Post processing logic for TensorRT Peoplenet in Python

Hi
I am looking for the post processing logic for tensorrt peoplenet in python. I’ve tried the different code snippets provided in the forum

but I am getting the out of bound error

Traceback (most recent call last):
File “cuda_peoplenet.py”, line 254, in
bboxes, class_ids, scores = postprocess(
File “cuda_peoplenet.py”, line 218, in postprocess
o4 = boxes[y2_idx + w + h * grid_w]
IndexError: index 6122 is out of bounds for axis 0 with size 6120

Can someone please help me in figuring out what the problem is ?

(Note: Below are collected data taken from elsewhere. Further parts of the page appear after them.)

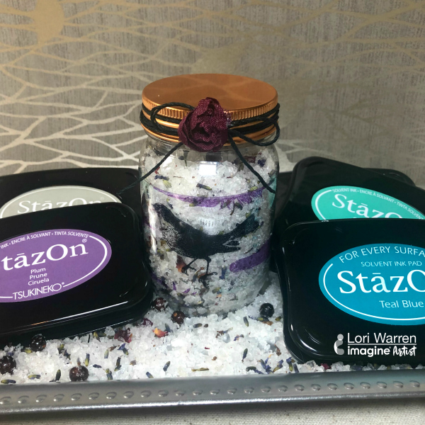 As the leaves turn color, they not only mark the return of Fall, they also mark the time for crafters to start their Holiday makes or gifts. One of my makes this year is a hand-stamped jar to fill with home-made bath salts. Stamping on such a curved surface can be a difficult task. One way to turn this challenging task into an easy one is to use StazOn ink to stamp on Window Cling Vinyl, it makes decorating a jar with a hand-stamped image, a breeze!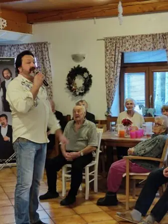 Našim oslavencům přišli zahrát na harmoniku a zazpívat naši oblíbení...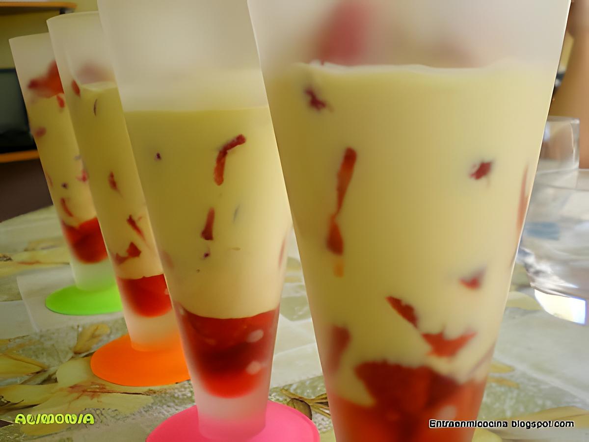 Dans des coupes ou verrines, mettre un peu de fraises, de la creme, un peu de fraises.. Et terminer si vous voulez par des amandes éffilées... SERVIR... ET... BON APPETIT.

Can you attach your own code? I want to see the changes you’ve made.

import os
import time

import cv2
import matplotlib.pyplot as plt
import numpy as np
import pycuda.driver as cuda
import tensorrt as trt
from PIL import Image


class HostDeviceMem(object):
    def __init__(self, host_mem, device_mem):
        self.host = host_mem
        self.device = device_mem

    def __str__(self):
        return "Host:\n" + str(self.host) + "\nDevice:\n" + str(self.device)

    def __repr__(self):
        return self.__str__()


def load_engine(trt_runtime, engine_path):
    with open(engine_path, "rb") as f:
        engine_data = f.read()
    engine = trt_runtime.deserialize_cuda_engine(engine_data)
    return engine


def allocate_buffers(engine, batch_size=1):
    """Allocates host and device buffer for TRT engine inference.
    This function is similair to the one in common.py, but
    converts network outputs (which are np.float32) appropriately
    before writing them to Python buffer. This is needed, since
    TensorRT plugins doesn't support output type description, and
    in our particular case, we use NMS plugin as network output.
    Args:
        engine (trt.ICudaEngine): TensorRT engine
    Returns:
        inputs [HostDeviceMem]: engine input memory
        outputs [HostDeviceMem]: engine output memory
        bindings [int]: buffer to device bindings
        stream (cuda.Stream): cuda stream for engine inference synchronization
    """
    inputs = []
    outputs = []
    bindings = []
    stream = cuda.Stream()

    # Current NMS implementation in TRT only supports DataType.FLOAT but
    # it may change in the future, which could brake this sample here
    # when using lower precision [e.g. NMS output would not be np.float32
    # anymore, even though this is assumed in binding_to_type]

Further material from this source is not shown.